KeyQ+: il turismo del cibo per riscoprire i sapori e la cultura del territorio

Cividale del Friuli (Ud) – Ha ufficialmente preso il via il progetto europeo KeyQ+: Culture and tourism as keys for quality cross border development of Italy and Croatia finanziato dall’Europa sul Bando Standard + del programma Italia-Croazia.

Capofila è AZRRI – Agency for Rural Development of Istria ltd. Pazin – Croazia. Tra i partner, tre realtà del Friuli Venezia Giulia: il comune di Cividale del Friuli, il Civiform di Cividale del Friuli e Slow Friuli Venezia Giulia; gli altri componenti della cordata sono la città di Pola, il Tržnica d.o.o. Pula (Mercato di Pola), la Scuola centrale di formazione di Mestre, la Turistička zajednica Grada Malog Lošinja – Agenzia turistica della città di Mali Losinj e Casa Artusi di Forlimpopoli (FC).

KeyQ+ capitalizza l’esperienza del precedente progetto Key Q, finanziato dal programma di cooperazione transfrontaliera IPA Adriatico 2007-2013 (1° bando per progetti standard) premiato a Bruxelles agli European Projects Awards IPA 2013.

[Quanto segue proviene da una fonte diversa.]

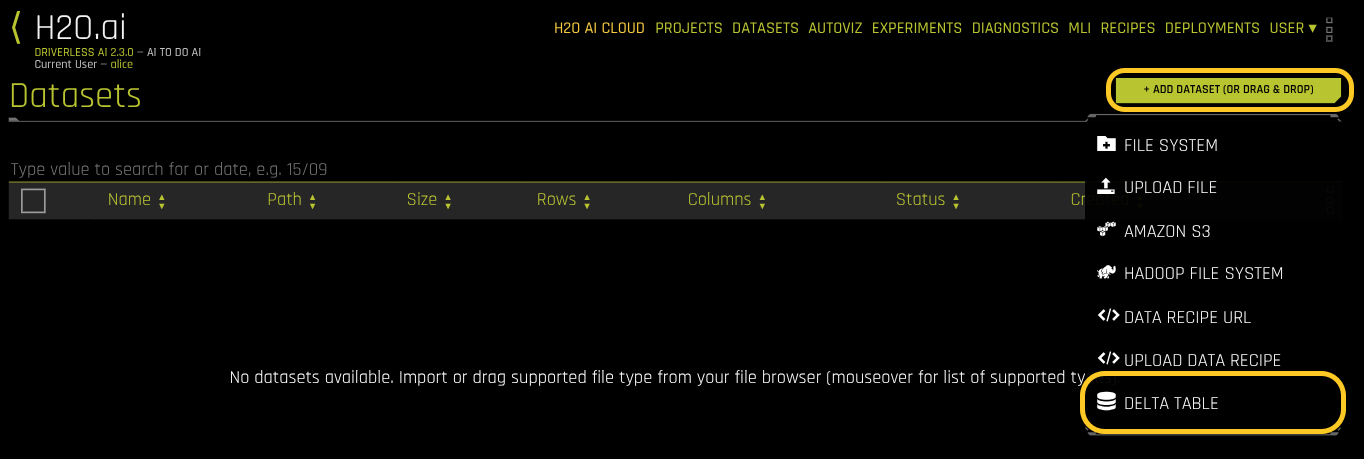 Use the Driverless AI Delta Table connector to explore data stored in Delta Lake. This page shows how to configure the connector and run queries.
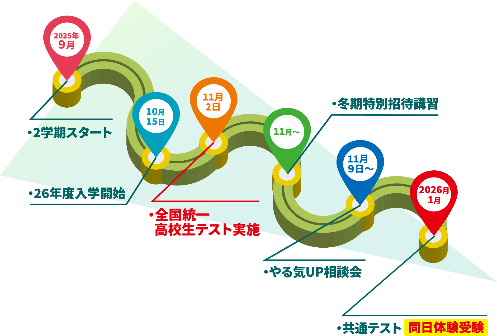 高2の10月・12月・1月・2月、高3の4月・6月・8月・10月・12月の9回の共通テスト本番レベル模試を受験した生徒

L’obiettivo generale del progetto è lo sviluppo e rafforzamento di percorsi turistici alternativi intorno al tema della riscoperta dei sapori e della cultura del territorio, valorizzando i prodotti tipici e le piccole città dell’area Adriatica.

Gli obiettivi specifici, invece, sono aumentare il numero delle strutture turistiche che offrono prodotti tipici nell’area adriatica, sostenere la creazione di nuovi prodotti turistici al fine di rendere l’area adriatica più attraente, promuovere la produzione di cibo sostenibile e locale preferendo le produzioni che hanno una stretta relazione con il territorio e un basso impatto ambientale.

Le attività previste dal progetto vanno dalla ricerca al rafforzamento del capitale umano nel settore turistico, allo sviluppo dell’occupazione, alla creazione di pacchetti turistici ad hoc.

“In particolare si studieranno i prodotti tipici legati alle stagioni presenti nell’area coperta dal progetto, le ricette correlate ai prodotti tradizionali – spiega l’assessore al Turismo del Comune di Cividale del Friuli Daniela Bernardi – le cucine didattiche, i produttori locali e i siti culturali di interesse comune. Verranno organizzati anche i KeyQ+ Festivals per ogni area di progetto durante i quali tutti i cittadini potranno fare incontri di formazione sulla gastronomia locale, in periodi di bassa stagione per incentivare il turismo durante tutto l’anno”.

Il Civiform sarà invece maggiormente impegnato “in attività pratiche per professionisti del mondo della ristorazione, in scambi di esperienze formative tra i professionisti della ristorazione italiani e croati – continua il Direttore del Civiform Daniele Bacchet – e nella realizzazione di una cucina didattica”.

Il progetto prevede anche la realizzazione di sette KeyQ+ Points che rappresenteranno i punti di riferimento per i turisti interessati a prendere parte di questi itinerari.

I KeyQ+ Points sono luoghi dove il turista, oltre ad informarsi sulle opportunità culturali e gastronomiche offerte dal territorio, potrà trovare alcuni dei prodotti locali e imparare a cucinarli grazie alla presenza di apposite cucine didattiche. La dimensione esperienziale del turismo alimentare è spesso limitata agli aspetti sensoriali di degustazione di prodotti locali.

Con questo progetto “i partner hanno accettato di promuovere un ruolo più attivo per il turista che, oltre all’assistenza o alla degustazione, potrà essere invitato a imparare facendo – concludono Bernardi e Bacchet – portando poi a casa un piccolo tesoro di esperienza e conoscenza, insieme a prodotti tipici, da condividere con amici e familiari”.